As I shared in a recent post, the U.S. healthcare system continues to have a lot of room for improvement. Despite being quite expensive, it does not keep its citizens as healthy as the systems in other industrialized countries.
The debate for how to improve the healthcare system continues. Meanwhile, those of us who are served by this system are wise to understand its strengths and weaknesses so that we can be proactive about getting what we need.
As with anything, a good place to start is how we think about the problem. What assumptions do we have about our relationship to our healthcare system — and are they correct?
Here are four common myths that work against your wellness.
- The healthcare system keeps you well — Hopefully you've noticed that the healthcare system is not actually designed to help you pursue wellness. It is primarily designed to detect whether you have a health problem (screening and detection) and to treat problems when they are found (treatment). While most healthcare providers value wellness, and may even encourage behaviors that will promote wellness and prevent disease, they receive very little compensation to help you do that. The work of promoting your own well-being is mostly up to you.
- More healthcare is better — Our healthcare system has very advanced diagnostic and treatment options for health problems. Just because tests and treatments can be done, though, doesn't mean that they are a good idea. Diagnostic tests can lead to increased risks (such as radiation from X-rays and clots, bleeding, and infection from invasive procedures) as well as the potential for over treatment. Antibiotics, for example, can be very helpful if your body is losing the fight against a dangerous microorganism. On the other hand, when they are overused, they weaken your immune system and create resistant bacteria. When it comes to choosing tests and treatments, less is often better.
- Healthcare professionals know better than you — People who pursue careers in healthcare are often known for their intelligence and caring. It is important to be able to trust your healthcare providers and to rely on them for information that can help you make informed decisions. Please remember, though, that you are central in the decision-making process. No one knows your body, your history, and your values like you do. You are the expert in your own life, and it is important to develop relationships with your healthcare team that encourage your participation in decision-making.
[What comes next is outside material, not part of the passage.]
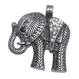 STAINLESS STEEL ELEPHANT PENDANT WITH BLACK COLOR WITH 1 BLACK CZ & WHITE CZ
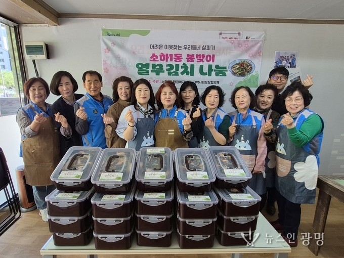 광명시 소하1동 지역사회보장협의체(위원장 박종숙)는 24일 우리 동네 형편이 어려운 이웃을 위한 ‘봄맞이 열무김치 나눔 행사’를 열었다.

- If health insurance doesn't cover it, it must not be important — As I mentioned in the first point, healthcare providers are not well-compensated to provide services aimed at wellness. Just because health insurance doesn't cover it though, doesn't mean it isn't a good idea. Consider the example of your car. Your car insurance covers you in the event of an accident. It does not cover all the other things that a conscientious car owner might do for their car — new tires, oil changes, tune-ups, washes and waxes. Isn't it interesting that we expect to pay "out-of-pocket" for things that keep our cars running well and looking good, but we balk at paying for services that might do the same for us? This is ironic, since our bodies are the only "vehicles" that we get to drive around in this life — and we don't have the option of upgrading to a new model!
One of the reasons that we have a healthcare system that doesn't work efficiently, is that we TOLERATE a healthcare system that doesn't work efficiently. As citizens and consumers, we can start to change this by expecting more - and by debunking the myths that keep us stuck. We can be in the driver's seat of our own well-being, and ask those on our healthcare team for the services and support that will keep us there.